In problem 25 we are asked to find the first Fibonacci number with a given number of digits. Actually, we are only asked to find which Fibonacci number it is (its index in the sequence of Fibonacci numbers), instead of the number itself. We’ve already visited Fibonacci numbers in problem 2, and had useful work there. For this problem, it will be helpful to note that the number of digits of $n$ can be found as $\lfloor \log_{10} n\rfloor + 1$, where $\lfloor x\rfloor$ denotes the “floor” function, equal to the greatest integer less than $x$ (on a not-particularly-related note, this isn’t the formula I would have used a week ago, glad I got that cleared up).

I decided to do some performance comparisons with this problem, with a few different versions of code. [GRR. WordPress seems to not be doing the sourcecode “tag” like I thought it should below. Or I’m messing something up…]

In version 1, I’ll compute each Fibonacci number successively, using the recurrence relation, then calculate the number of digits until I’ve found a big enough number. My function looks like:

def solve(n):
ret = 1
prev, cur = 0, 1
while(cur &lt; 10**(n-1)):
prev, cur = cur, prev + cur
ret += 1
return ret

In the second version, I’ll compute the $n$-th Fibonacci number using the formula $F_n = \frac{1}{\sqrt{5}}\left(\left(\frac{1+\sqrt{5}}{2}\right)^2-\left(\frac{1-\sqrt{5}}{2}\right)^2\right)$
that was used last time we saw Fibonacci numbers. In fact, I’ll wrap that up into its own function, “digs_fib” that takes in an “n” and gives the number of digits of the appropriate Fibonacci number. Now my code is basically:
def fib(n):
""" The nth fibonacci number """
alpha = (1 + 5**.5) / 2
beta = (1 - 5**.5) / 2
return (1/5**.5) * (alpha**n - beta**n)
def digs_fib(n):
""" Number of digits of fib(n) """
return int(math.log(fib(n), 10)) + 1
def solve(n):
ret = 1
while(digs_fib(ret) &lt; n):
ret += 1
return ret

Of course, that second term in the formula is smallish, and raised to big powers it gets smaller, so we could maybe ignore it. And then we’re taking the log of products and powers, so we can use log rules to re-write the expression for the number of digits, without directly calculating the Fibonacci number. My “digs_fib” function changes to the following:
def digs_fib(n):
""" The approximate number of digits of the nth fibonum """
alpha = (1+5**.5)/2
return int(n*math.log(alpha,10)-.5*math.log(5, 10))+1

Finally, given a target number of digits $d$, we could just about solve for $n$ in $d \approx \lfloor n\log_{10}((1+\sqrt{5})/2) - \frac{1}{2}\log_{10}(5)\rfloor + 1$
and obtain $n\approx \dfrac{d-1+\frac{1}{2}\log_{10}(5)}{\log_{10}((1+\sqrt{5})/2)}$.
This means that given $d$ we can get an approximation to which Fibonacci number gives us that many digits in basically constant time. Now my “solve” is just
def solve(n):
num = n - 1 + .5*math.log(5, 10)
num /= math.log((1+5**.5)/2, 10)
return int(num+1) # round up, approximately

I ran each of these through my little performance evaluation script and came up with a reasonable graph. I could only go up to asking for 300 digits, because after that the second version fails, since the numbers are too big. The other versions have no problem at all going up to 1000 digits (and well beyond). But anyway, here’s my graph: You can barely see that constant time algorithm there along the $x$-axis. The scale of the $y$-axis is some linear change in actual time taken, but the shape of these graphs is what’s important anyway. Right?

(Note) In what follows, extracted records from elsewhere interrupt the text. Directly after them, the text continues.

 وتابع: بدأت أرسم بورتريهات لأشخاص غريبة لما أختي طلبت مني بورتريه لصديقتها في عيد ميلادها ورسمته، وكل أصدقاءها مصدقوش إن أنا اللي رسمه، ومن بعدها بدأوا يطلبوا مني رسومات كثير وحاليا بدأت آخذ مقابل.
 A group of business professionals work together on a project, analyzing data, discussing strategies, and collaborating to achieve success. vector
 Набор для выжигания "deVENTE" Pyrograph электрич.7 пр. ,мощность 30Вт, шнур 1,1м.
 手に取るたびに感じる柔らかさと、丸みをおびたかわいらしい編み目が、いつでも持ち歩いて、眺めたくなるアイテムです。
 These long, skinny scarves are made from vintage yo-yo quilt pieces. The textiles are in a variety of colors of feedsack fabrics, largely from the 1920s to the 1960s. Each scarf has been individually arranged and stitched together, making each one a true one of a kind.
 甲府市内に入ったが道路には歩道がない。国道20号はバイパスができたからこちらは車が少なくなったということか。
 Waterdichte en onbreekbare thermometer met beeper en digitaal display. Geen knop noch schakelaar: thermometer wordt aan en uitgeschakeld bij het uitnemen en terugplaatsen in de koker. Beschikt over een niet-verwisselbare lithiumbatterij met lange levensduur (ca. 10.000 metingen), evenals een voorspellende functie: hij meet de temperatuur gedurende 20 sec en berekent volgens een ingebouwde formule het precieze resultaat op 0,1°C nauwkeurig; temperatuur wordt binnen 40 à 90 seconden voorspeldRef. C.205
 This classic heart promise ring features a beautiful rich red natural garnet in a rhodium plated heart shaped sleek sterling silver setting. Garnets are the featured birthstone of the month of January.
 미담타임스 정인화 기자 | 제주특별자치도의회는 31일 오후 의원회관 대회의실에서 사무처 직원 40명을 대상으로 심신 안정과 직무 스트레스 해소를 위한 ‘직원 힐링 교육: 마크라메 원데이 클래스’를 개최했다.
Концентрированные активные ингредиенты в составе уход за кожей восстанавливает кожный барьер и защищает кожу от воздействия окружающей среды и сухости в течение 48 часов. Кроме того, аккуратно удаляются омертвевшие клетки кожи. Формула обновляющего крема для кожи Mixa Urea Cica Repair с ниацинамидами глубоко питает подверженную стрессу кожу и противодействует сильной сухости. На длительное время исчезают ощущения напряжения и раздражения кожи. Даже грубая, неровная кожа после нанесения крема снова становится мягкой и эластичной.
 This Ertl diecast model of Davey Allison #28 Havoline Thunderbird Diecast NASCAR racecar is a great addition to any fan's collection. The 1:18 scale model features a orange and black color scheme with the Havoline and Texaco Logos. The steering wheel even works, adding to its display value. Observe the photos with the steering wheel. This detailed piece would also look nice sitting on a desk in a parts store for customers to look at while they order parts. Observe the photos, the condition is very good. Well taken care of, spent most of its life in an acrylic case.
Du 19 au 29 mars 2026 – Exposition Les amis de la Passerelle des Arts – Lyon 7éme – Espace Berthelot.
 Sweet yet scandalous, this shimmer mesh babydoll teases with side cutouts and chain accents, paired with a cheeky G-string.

### Problem 26 – Recurring Decimals

September 19, 2009

In problem 26, we are asked to find the integer less than a given bound whose reciprocal has the longest decimal period among such integers. That is, among all fractions $1/d$ where $d$ is less than some bound, which fraction has the longest periodic part in its decimal representation?

According to Hardy and Wright, An Introduction to the Theory of Numbers (6th ed, Theorem 135),

The decimal for a rational number $p/q$ between 0 and 1 is terminating or recurring, and any terminating or recurring decimal is equal to a rational number. If $(p,q)=1$, $q=2^{\alpha}5^{\beta}$, and $\max(\alpha,\beta)=\mu$, then the decimal terminates after $\mu$ digits. If $(p,q)=1$, $q=2^{\alpha}5^{\beta}Q$, where $Q>1$, $(Q,10)=1$, and $\nu$ is the order of 10 (mod $Q$), then the decimal contains $\mu$ non-recurring and $\nu$ recurring digits.

Let’s trim that down a bit. Our $p=1$, so automatically $(p,q)=1$ (this notation is for the greatest common divisor, as usual). If the denominator, $q$, is divisible by either 2 or 5, then either (1) the decimal terminates, or (2) the decimal repeats, with the same length recurring part as the reciprocal of a smaller integer. In either case, we will suppose that this $q$ is not the answer. Either (1) its recurring part has length 1, being a string of 0s, or (2) we could return the smaller integer with the same length recurring part.

So, suppose our $q$ is not divisible by 2 or 5. Then according to the theorem above, we may compute the length of the repeating part of the decimal for $1/q$ by finding the “order of 10 (mod $q$)”. That is, find the smallest $p$ so that $10^p\equiv 1\pmod{q}$. This is easy enough to find, just keep raising 10 to bigger powers, and taking the answer mod $q$, until you find 1.

Here’s my code

def solve(n):
""" Return the d with largest decimal period, d&lt;n """
max_d, max_p = 2, 1
for d in xrange(3,n,2):
if(d % 5 != 0):
# now find the order of 10 mod Q
# that is, the smallest p for which 10^p == 1 mod Q
p = 1
tmd = 10 % d # tmd = 10 mod d
while(tmd != 1):
p += 1
tmd = (tmd * 10) % d
if (p &gt; max_p):
max_d, max_p = d, p
return max_d

Pretty straightforward, I think. [Except, as of right now, WordPress doesn’t seem to be handling < and > correctly in that code. Grr]
There’s almost certainly more math we could do here. But this seems to work well enough for now.


### Problem 24 – Permutations

September 10, 2009

In problem 24 we are asked to consider the permutations of the digits 0 through 9 in lexicographic order, and then pick out a certain element of that list.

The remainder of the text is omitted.